# What is expected
Copy the lines below exactly, starting at the one with "Mi objetivo es" and ending at the one with "ANTIQUE ORANGE RED", and leave out any picture.

# The data
=== Begin Enclosure ===

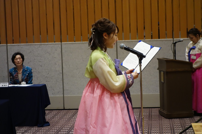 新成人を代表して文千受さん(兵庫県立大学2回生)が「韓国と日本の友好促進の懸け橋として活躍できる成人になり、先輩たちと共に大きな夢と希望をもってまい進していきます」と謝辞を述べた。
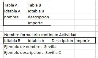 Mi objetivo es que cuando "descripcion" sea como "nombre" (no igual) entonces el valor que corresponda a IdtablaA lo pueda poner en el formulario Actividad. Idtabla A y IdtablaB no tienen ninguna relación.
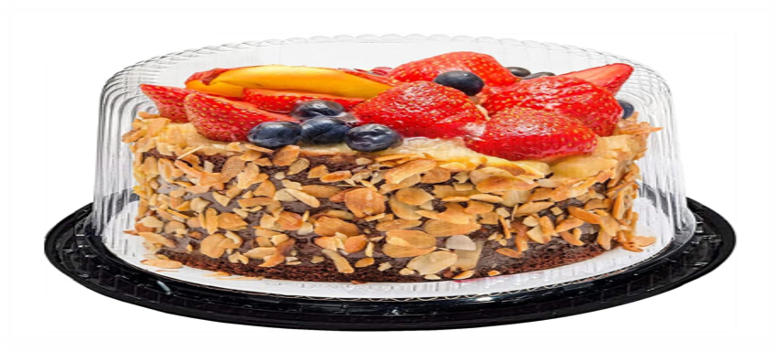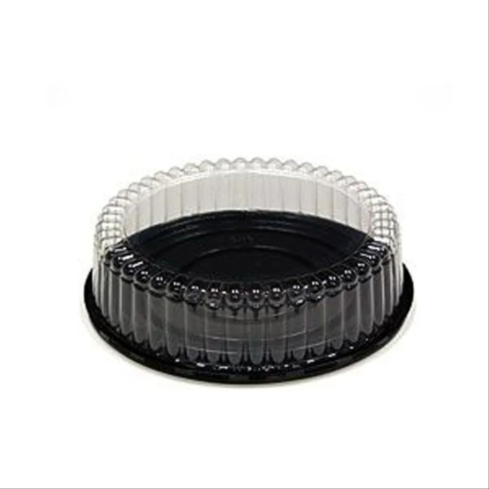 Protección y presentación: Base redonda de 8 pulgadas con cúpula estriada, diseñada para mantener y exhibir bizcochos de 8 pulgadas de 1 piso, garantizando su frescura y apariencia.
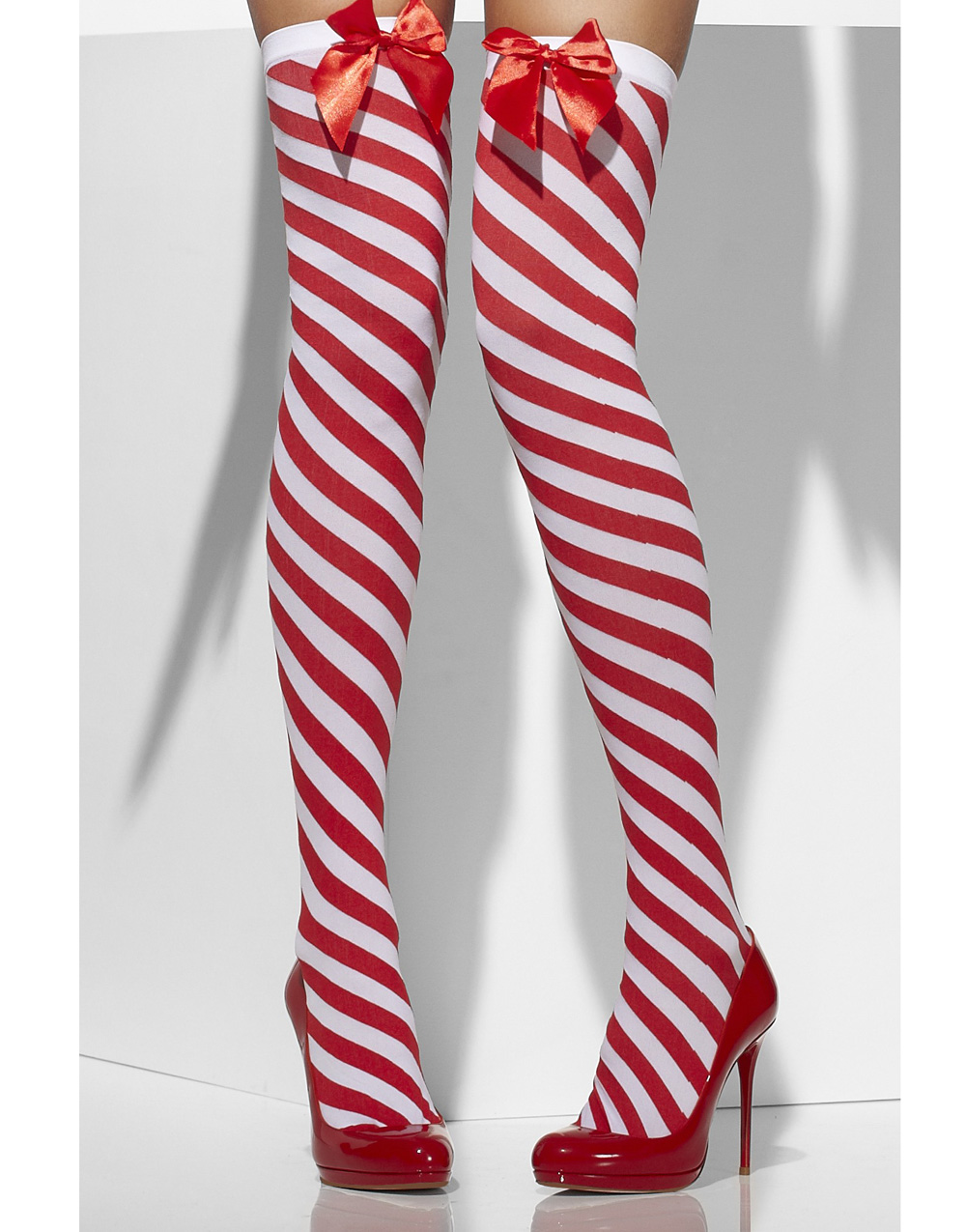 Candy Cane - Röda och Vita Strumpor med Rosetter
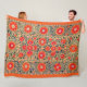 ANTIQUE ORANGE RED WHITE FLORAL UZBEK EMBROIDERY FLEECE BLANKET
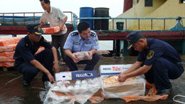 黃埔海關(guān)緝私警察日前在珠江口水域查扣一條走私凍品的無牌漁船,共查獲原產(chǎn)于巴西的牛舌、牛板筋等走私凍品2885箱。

=== End Enclosure ===
=== Begin Enclosure ===

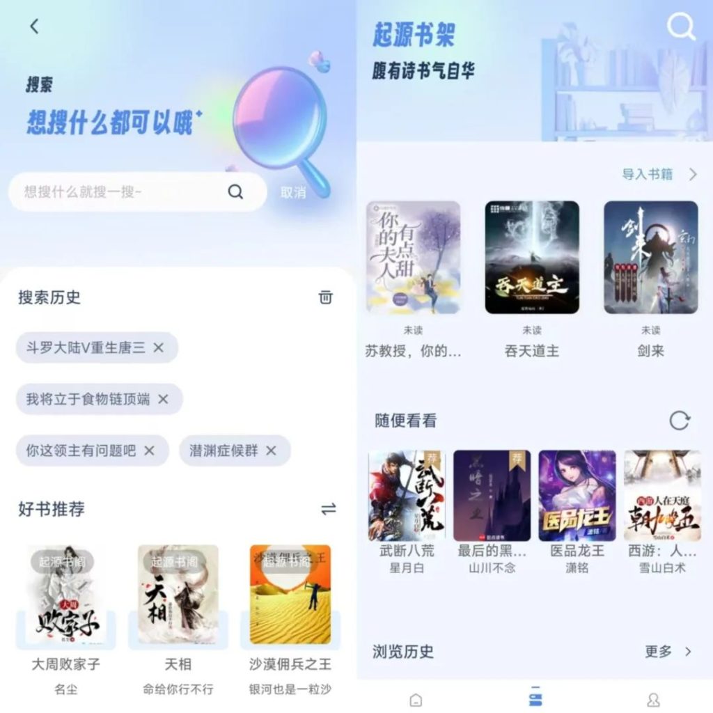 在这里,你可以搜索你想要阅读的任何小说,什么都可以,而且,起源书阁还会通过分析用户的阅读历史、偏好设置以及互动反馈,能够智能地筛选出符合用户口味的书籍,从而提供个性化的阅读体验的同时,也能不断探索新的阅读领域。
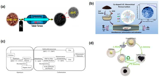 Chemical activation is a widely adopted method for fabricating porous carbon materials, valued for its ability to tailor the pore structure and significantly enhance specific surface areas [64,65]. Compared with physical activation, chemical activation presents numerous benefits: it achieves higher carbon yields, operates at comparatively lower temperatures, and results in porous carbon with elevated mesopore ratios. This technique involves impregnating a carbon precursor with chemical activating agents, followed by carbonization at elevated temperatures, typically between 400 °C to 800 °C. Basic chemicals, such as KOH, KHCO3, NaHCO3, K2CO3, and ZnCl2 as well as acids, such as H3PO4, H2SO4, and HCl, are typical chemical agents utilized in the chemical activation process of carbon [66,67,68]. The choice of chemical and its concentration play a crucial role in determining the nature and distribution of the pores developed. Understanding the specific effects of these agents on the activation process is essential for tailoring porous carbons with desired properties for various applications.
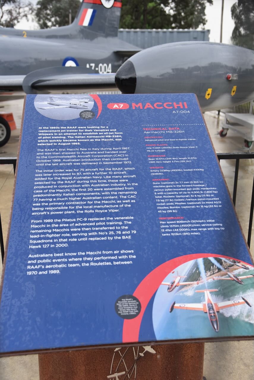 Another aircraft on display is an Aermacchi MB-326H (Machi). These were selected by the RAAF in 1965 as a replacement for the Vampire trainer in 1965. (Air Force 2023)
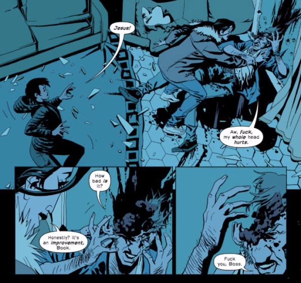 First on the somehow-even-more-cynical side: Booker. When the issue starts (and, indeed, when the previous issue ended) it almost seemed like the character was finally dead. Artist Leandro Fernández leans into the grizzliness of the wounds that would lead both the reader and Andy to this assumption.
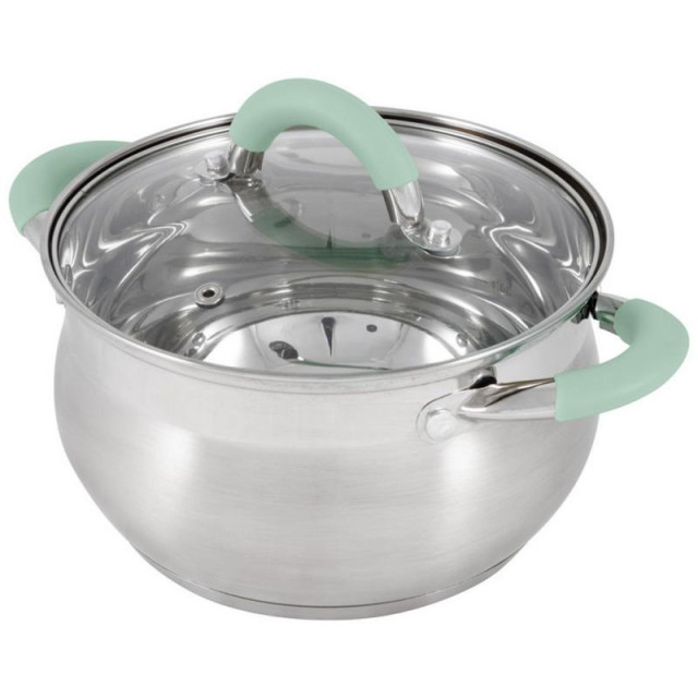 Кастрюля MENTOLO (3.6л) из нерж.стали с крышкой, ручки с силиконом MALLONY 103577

=== End Enclosure ===
=== Begin Enclosure ===

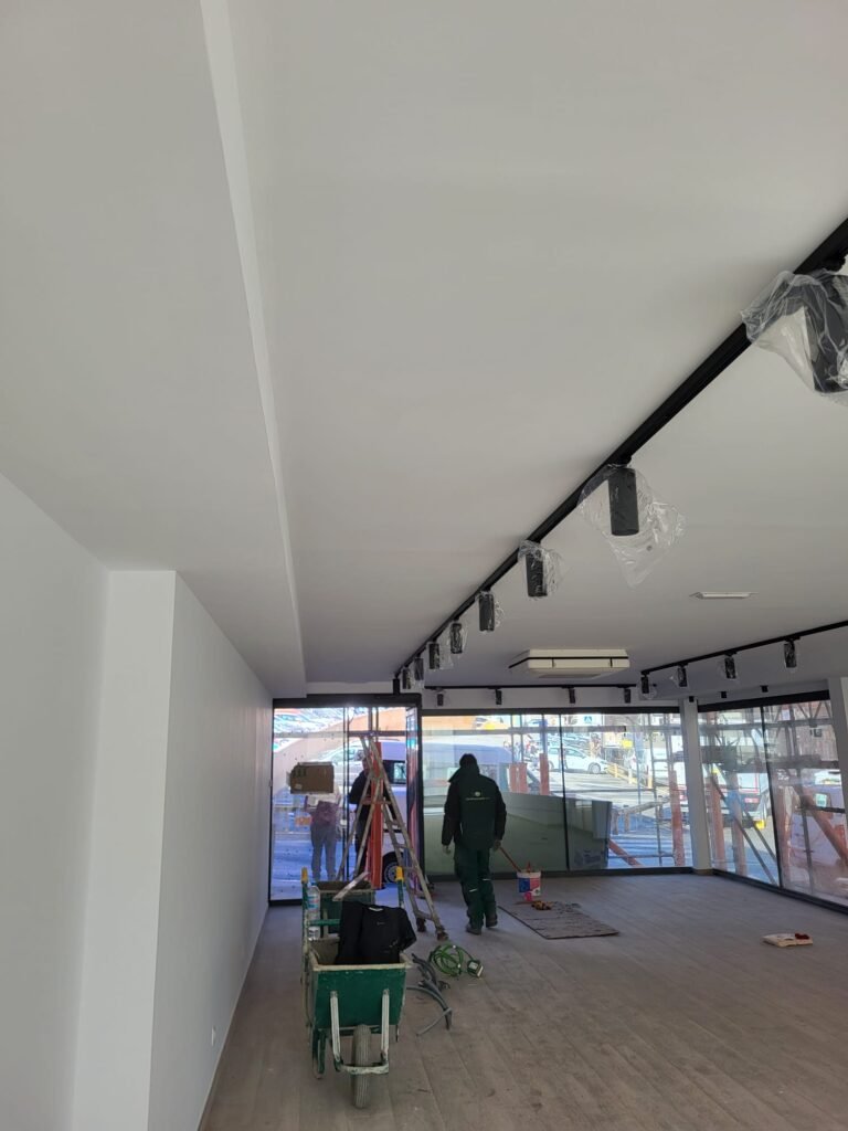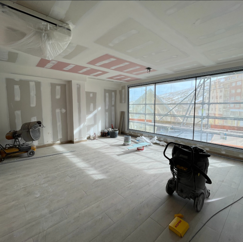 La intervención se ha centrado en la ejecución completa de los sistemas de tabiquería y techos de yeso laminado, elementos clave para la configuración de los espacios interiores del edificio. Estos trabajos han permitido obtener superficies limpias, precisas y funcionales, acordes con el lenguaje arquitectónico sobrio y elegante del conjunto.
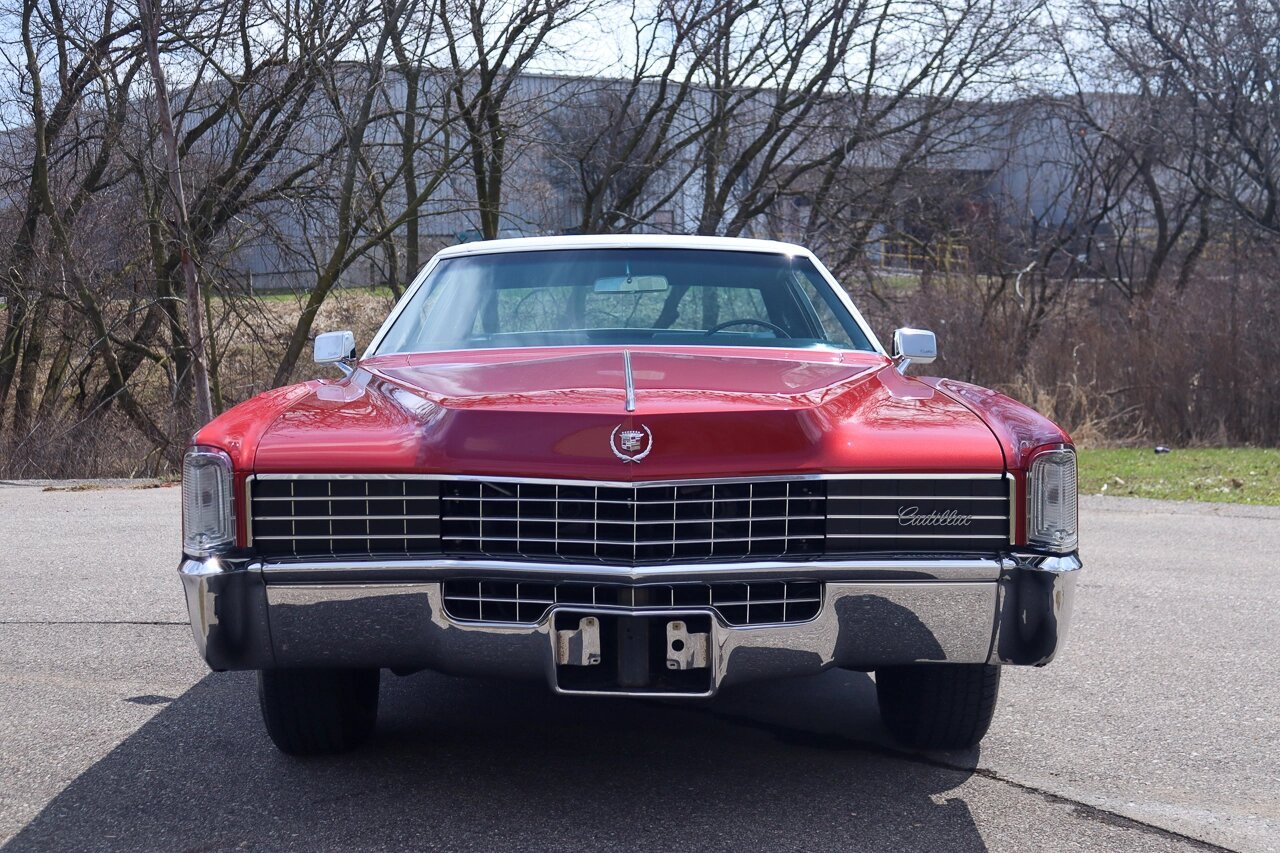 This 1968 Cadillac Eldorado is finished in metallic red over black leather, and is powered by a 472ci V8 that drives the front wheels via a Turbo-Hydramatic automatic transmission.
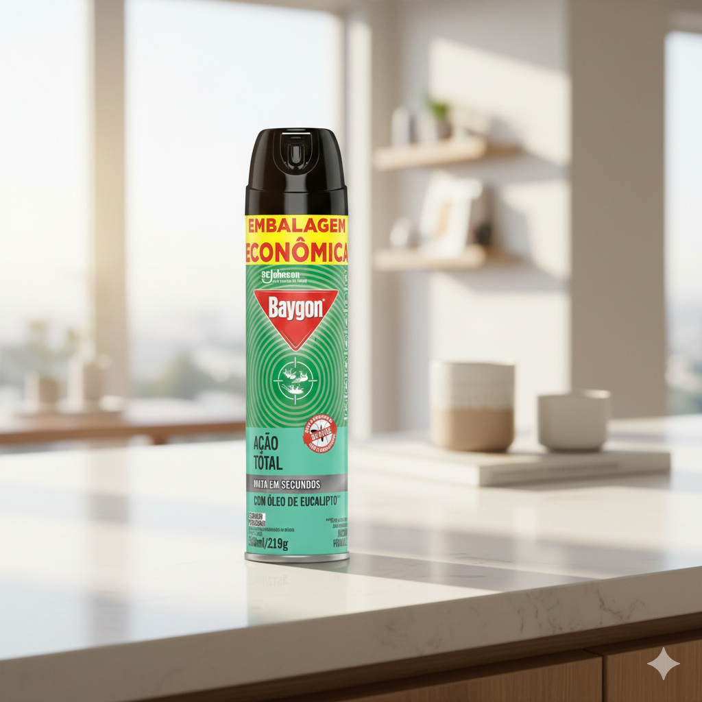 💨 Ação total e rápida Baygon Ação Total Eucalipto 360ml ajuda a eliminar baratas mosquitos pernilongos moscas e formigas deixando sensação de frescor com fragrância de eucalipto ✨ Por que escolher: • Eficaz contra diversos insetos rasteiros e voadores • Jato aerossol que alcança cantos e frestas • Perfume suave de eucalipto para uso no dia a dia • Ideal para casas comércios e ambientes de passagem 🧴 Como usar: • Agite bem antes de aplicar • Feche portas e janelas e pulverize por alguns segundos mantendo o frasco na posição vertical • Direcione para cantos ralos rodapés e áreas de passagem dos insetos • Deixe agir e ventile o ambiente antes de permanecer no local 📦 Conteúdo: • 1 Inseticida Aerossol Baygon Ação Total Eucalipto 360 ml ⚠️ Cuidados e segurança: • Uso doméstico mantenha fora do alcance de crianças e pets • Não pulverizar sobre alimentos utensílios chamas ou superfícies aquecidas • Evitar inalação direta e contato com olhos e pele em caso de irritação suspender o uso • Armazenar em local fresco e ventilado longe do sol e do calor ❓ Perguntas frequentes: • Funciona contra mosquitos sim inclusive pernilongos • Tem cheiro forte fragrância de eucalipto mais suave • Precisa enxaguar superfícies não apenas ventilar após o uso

=== End Enclosure ===

# Reply to the exercise
 Mi objetivo es que cuando "descripcion" sea como "nombre" (no igual) entonces el valor que corresponda a IdtablaA lo pueda poner en el formulario Actividad. Idtabla A y IdtablaB no tienen ninguna relación.
 Protección y presentación: Base redonda de 8 pulgadas con cúpula estriada, diseñada para mantener y exhibir bizcochos de 8 pulgadas de 1 piso, garantizando su frescura y apariencia.
 Candy Cane - Röda och Vita Strumpor med Rosetter
 ANTIQUE ORANGE RED WHITE FLORAL UZBEK EMBROIDERY FLEECE BLANKET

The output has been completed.